> Problem to work on: Transcribe, word for word, only the lines from the one containing "Vintage 1950’s Red" through the end of the material below. Pictures stay out.

> Provided records:
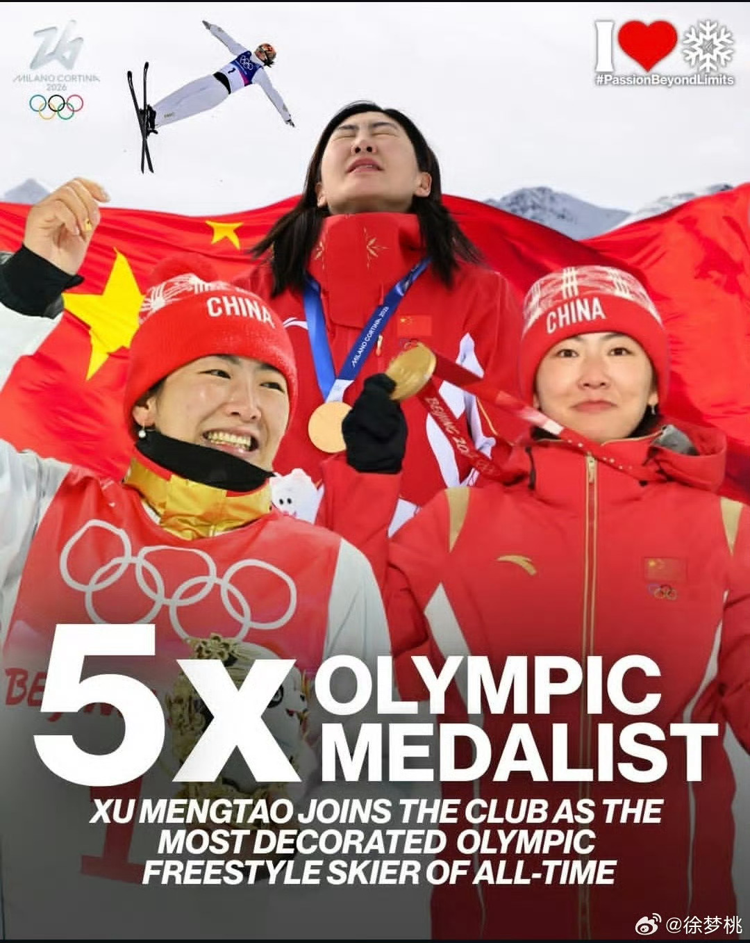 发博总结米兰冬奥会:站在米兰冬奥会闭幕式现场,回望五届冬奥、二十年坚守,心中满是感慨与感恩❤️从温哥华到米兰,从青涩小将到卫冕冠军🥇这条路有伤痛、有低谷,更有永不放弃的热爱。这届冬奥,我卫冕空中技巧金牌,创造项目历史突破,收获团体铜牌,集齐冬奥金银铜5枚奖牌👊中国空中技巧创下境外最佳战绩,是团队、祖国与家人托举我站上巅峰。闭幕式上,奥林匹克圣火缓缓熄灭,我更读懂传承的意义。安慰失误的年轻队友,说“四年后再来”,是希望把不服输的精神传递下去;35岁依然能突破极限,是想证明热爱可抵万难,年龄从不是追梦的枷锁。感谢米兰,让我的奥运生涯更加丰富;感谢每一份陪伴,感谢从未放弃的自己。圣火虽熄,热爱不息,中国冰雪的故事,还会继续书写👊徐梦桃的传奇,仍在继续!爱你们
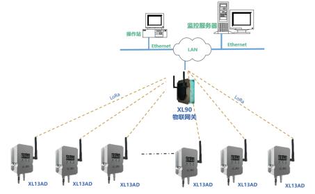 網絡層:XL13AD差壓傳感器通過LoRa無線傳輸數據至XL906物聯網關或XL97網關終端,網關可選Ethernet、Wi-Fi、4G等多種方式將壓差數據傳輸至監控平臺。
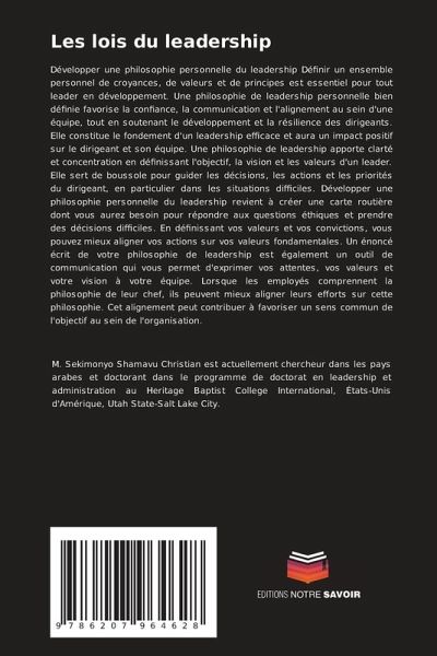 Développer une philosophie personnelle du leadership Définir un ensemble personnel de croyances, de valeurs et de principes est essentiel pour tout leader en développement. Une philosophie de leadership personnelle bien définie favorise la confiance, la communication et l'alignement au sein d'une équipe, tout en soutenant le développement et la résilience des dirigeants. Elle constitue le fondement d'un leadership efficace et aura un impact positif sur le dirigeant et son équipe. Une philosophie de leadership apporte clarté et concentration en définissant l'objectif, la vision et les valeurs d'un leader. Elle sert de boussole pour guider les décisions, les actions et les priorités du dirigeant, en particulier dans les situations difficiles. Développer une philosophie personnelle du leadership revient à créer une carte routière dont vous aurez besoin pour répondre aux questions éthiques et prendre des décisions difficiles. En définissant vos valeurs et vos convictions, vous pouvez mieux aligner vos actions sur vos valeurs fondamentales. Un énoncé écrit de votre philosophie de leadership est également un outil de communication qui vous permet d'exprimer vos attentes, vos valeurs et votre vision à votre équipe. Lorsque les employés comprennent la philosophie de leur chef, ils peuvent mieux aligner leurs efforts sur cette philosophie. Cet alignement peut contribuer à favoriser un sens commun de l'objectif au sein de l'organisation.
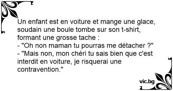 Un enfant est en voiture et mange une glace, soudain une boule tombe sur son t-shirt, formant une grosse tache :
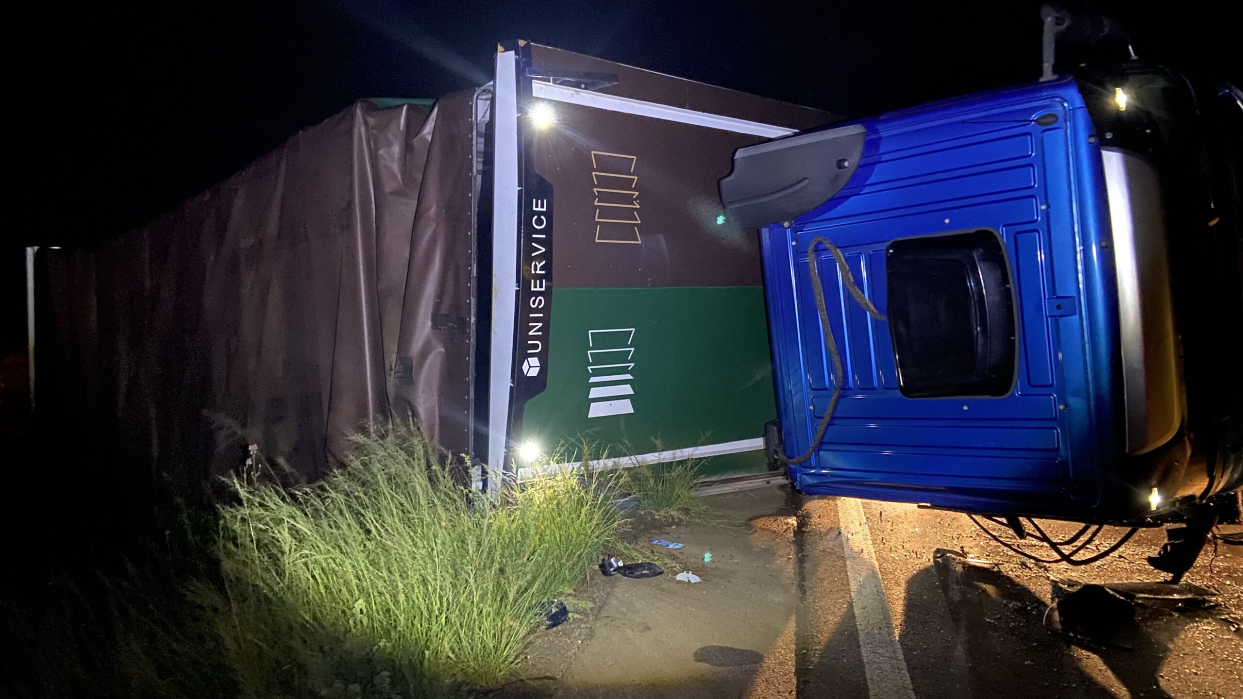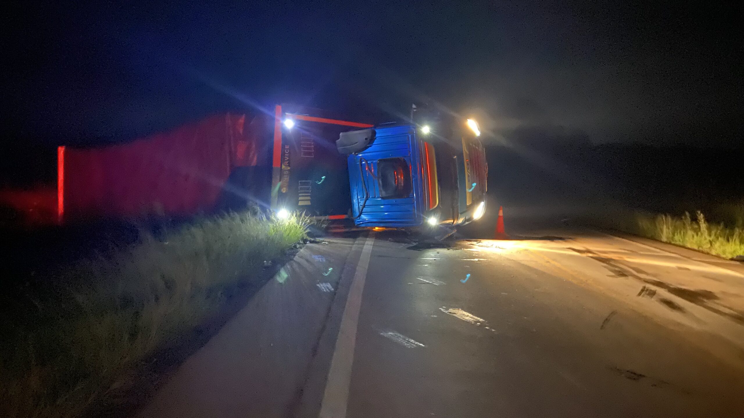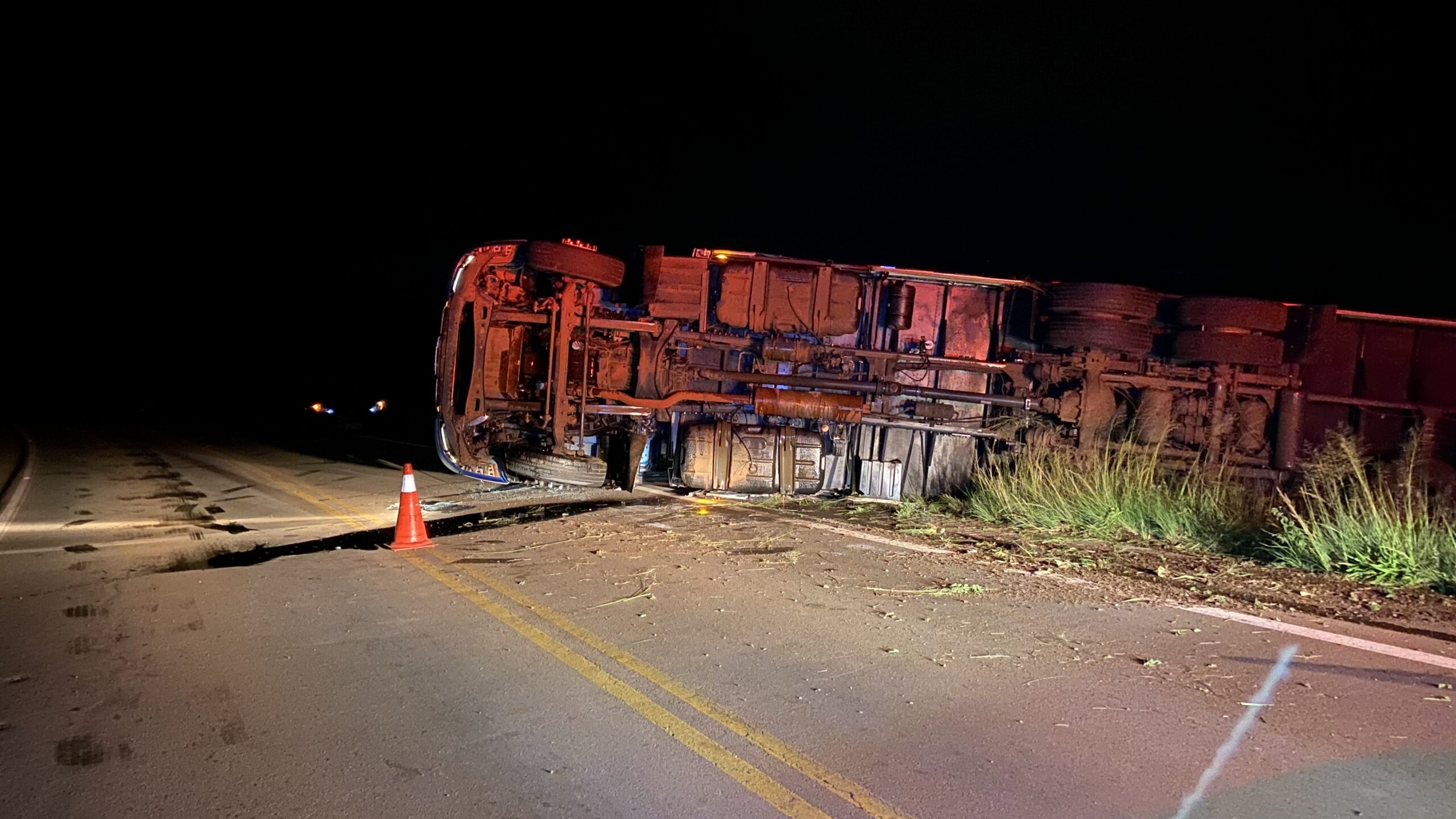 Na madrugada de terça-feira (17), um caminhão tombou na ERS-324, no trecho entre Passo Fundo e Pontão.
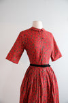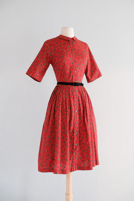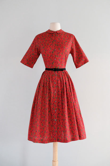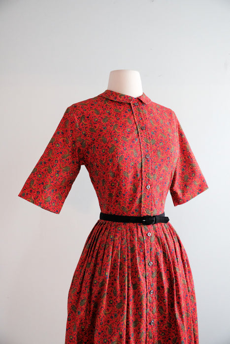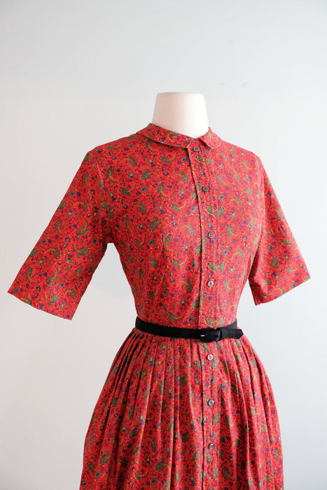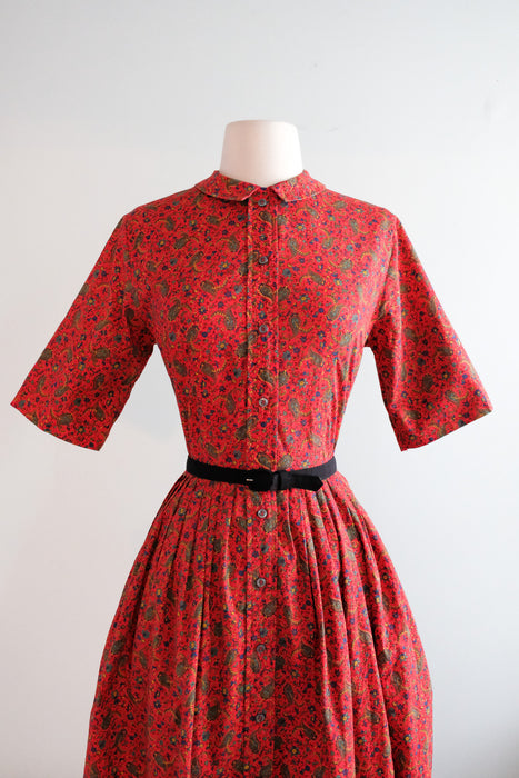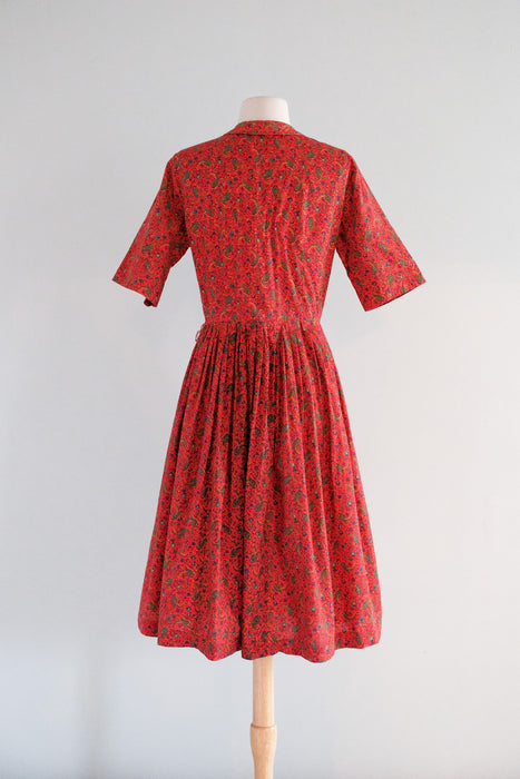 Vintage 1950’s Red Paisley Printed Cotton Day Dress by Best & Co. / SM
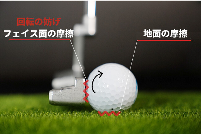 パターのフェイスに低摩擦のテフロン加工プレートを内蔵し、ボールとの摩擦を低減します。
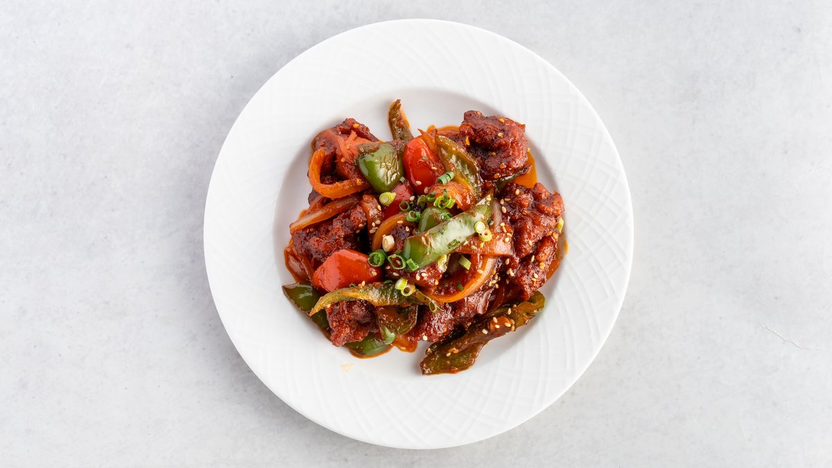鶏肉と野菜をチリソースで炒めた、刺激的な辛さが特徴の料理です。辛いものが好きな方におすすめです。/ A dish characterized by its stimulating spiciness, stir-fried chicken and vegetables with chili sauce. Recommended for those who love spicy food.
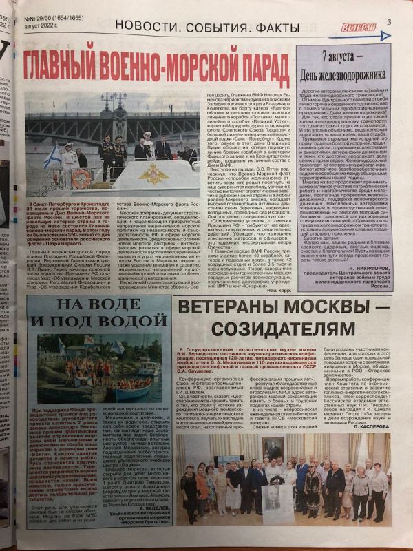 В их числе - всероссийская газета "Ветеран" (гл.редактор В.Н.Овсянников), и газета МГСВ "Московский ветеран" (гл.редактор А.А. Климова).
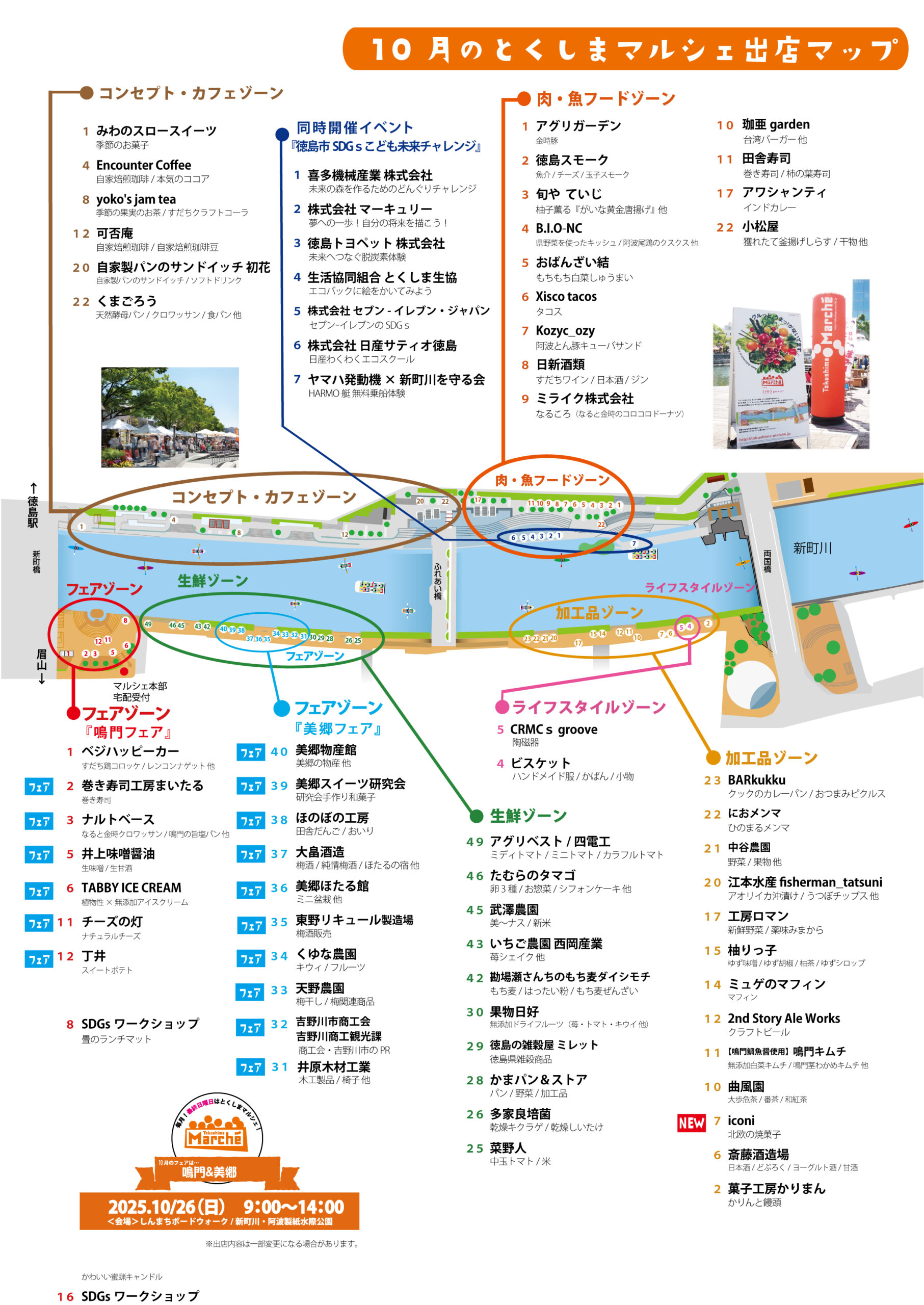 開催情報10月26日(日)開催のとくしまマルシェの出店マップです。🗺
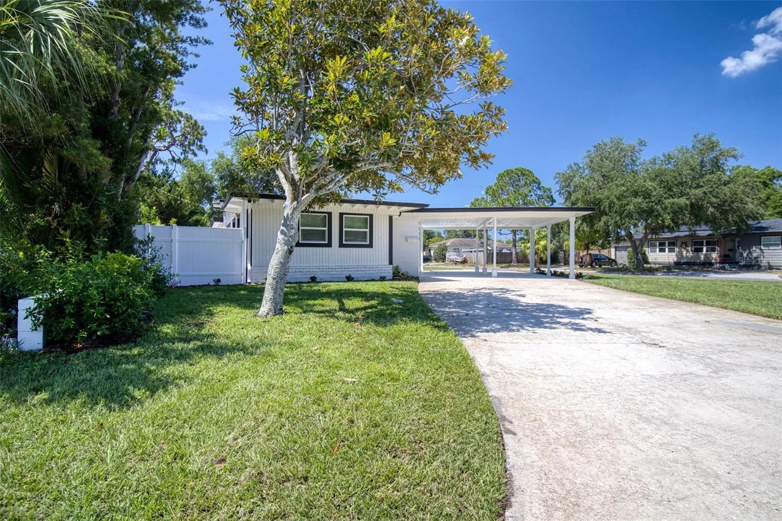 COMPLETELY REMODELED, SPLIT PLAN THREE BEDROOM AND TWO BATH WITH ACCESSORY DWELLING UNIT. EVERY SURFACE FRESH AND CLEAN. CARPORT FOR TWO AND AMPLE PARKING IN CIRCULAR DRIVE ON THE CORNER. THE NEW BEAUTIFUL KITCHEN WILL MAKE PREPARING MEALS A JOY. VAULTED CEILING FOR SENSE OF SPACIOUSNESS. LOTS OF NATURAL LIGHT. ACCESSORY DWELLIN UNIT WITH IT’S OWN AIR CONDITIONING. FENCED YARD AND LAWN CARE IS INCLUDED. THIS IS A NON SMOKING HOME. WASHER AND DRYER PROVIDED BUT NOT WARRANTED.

> Answer for the task:
 Vintage 1950’s Red Paisley Printed Cotton Day Dress by Best & Co. / SM
 パターのフェイスに低摩擦のテフロン加工プレートを内蔵し、ボールとの摩擦を低減します。
鶏肉と野菜をチリソースで炒めた、刺激的な辛さが特徴の料理です。辛いものが好きな方におすすめです。/ A dish characterized by its stimulating spiciness, stir-fried chicken and vegetables with chili sauce. Recommended for those who love spicy food.
 В их числе - всероссийская газета "Ветеран" (гл.редактор В.Н.Овсянников), и газета МГСВ "Московский ветеран" (гл.редактор А.А. Климова).
 開催情報10月26日(日)開催のとくしまマルシェの出店マップです。🗺
 COMPLETELY REMODELED, SPLIT PLAN THREE BEDROOM AND TWO BATH WITH ACCESSORY DWELLING UNIT. EVERY SURFACE FRESH AND CLEAN. CARPORT FOR TWO AND AMPLE PARKING IN CIRCULAR DRIVE ON THE CORNER. THE NEW BEAUTIFUL KITCHEN WILL MAKE PREPARING MEALS A JOY. VAULTED CEILING FOR SENSE OF SPACIOUSNESS. LOTS OF NATURAL LIGHT. ACCESSORY DWELLIN UNIT WITH IT’S OWN AIR CONDITIONING. FENCED YARD AND LAWN CARE IS INCLUDED. THIS IS A NON SMOKING HOME. WASHER AND DRYER PROVIDED BUT NOT WARRANTED.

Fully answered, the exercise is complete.